ORM Conceptual Analysis
First, comb out the concept of ORM. The spelling of ORM is Object Relation Mapping (Object Relation Mapping), where Object is the object in Object-Oriented Language. This paper uses c# language, so it is a.net object. Relation Mapping is a relationship mapping, which refers to the relationship mapping between.net objects and database tables in the database system.
Why do.net objects map to database tables?
The answer is obvious, of course, because the structure of database tables is very similar to that of objects.
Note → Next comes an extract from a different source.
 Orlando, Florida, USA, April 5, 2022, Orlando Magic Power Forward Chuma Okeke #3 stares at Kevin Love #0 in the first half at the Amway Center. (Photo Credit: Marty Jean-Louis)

If a mapping relationship is established between the two, we can easily manipulate database tables in an object-oriented language like ordinary objects, which is good news for programmers.So who should establish the relationship between the two? After all, they can't be made out of nothing. There must be a "matchmaker". This "matchmaker" is called ORM framework, or database persistence framework.
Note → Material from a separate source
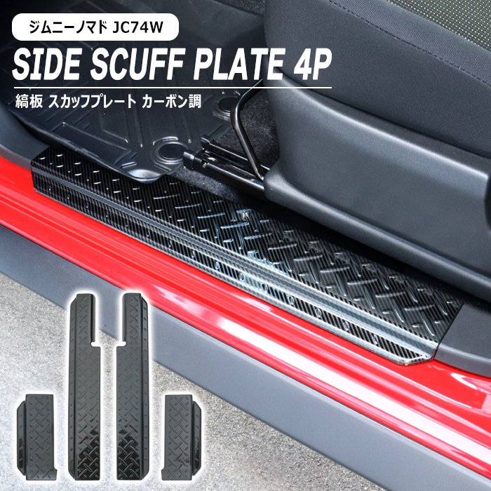 スズキ ジムニーノマド JC74W 縞板 サイド スカッフプレート 左右 4Pセット カーボン調 新品 サイドステップ ガード サ...

In the last article ORM Framework Series of "Wheel-Making Movement"(1)~Talk about my changes and additions in actual business In, I talked about the additions and deletions that I encountered, and analyzed the advantages and disadvantages of native sql, Lambda to sql, stored procedures, etc. Among them, I slowly formed my own understanding of ORM framework, and gradually drew a perfect ORM framework blueprint in my mind.
Before drawing a blueprint, give my ORM framework a name called CoffeeSQL. This name comes from the hope that I can save time at work to enjoy a cup of Coffee when I use this framework.
1. Entity Mapping
c# objects want to establish a mapping relationship with the database tables, so record the configuration information for the mapping relationship. I prefer to configure it in a straightforward way: by identifying the Attribute directly on the field of the class.
The basic usage is as follows:
1 /// <summary> 2 /// Entity Class 3 /// </summary> 4 [Table("T_Students")] 5 public class Student : EntityBase 6 { 7 [PrimaryKey] 8 [Column] 9 public string Id { get; set; } 10 11 [Column("Name")] 12 public string StudentName { get; set; } 13 14 [Column] 15 public int Age { get; set; } 16 }
You can see that we use three Attributes in this entity class, TableAttribute, PrimaryKeyAttribute, and CloumnAttribute, which we believe are understandable.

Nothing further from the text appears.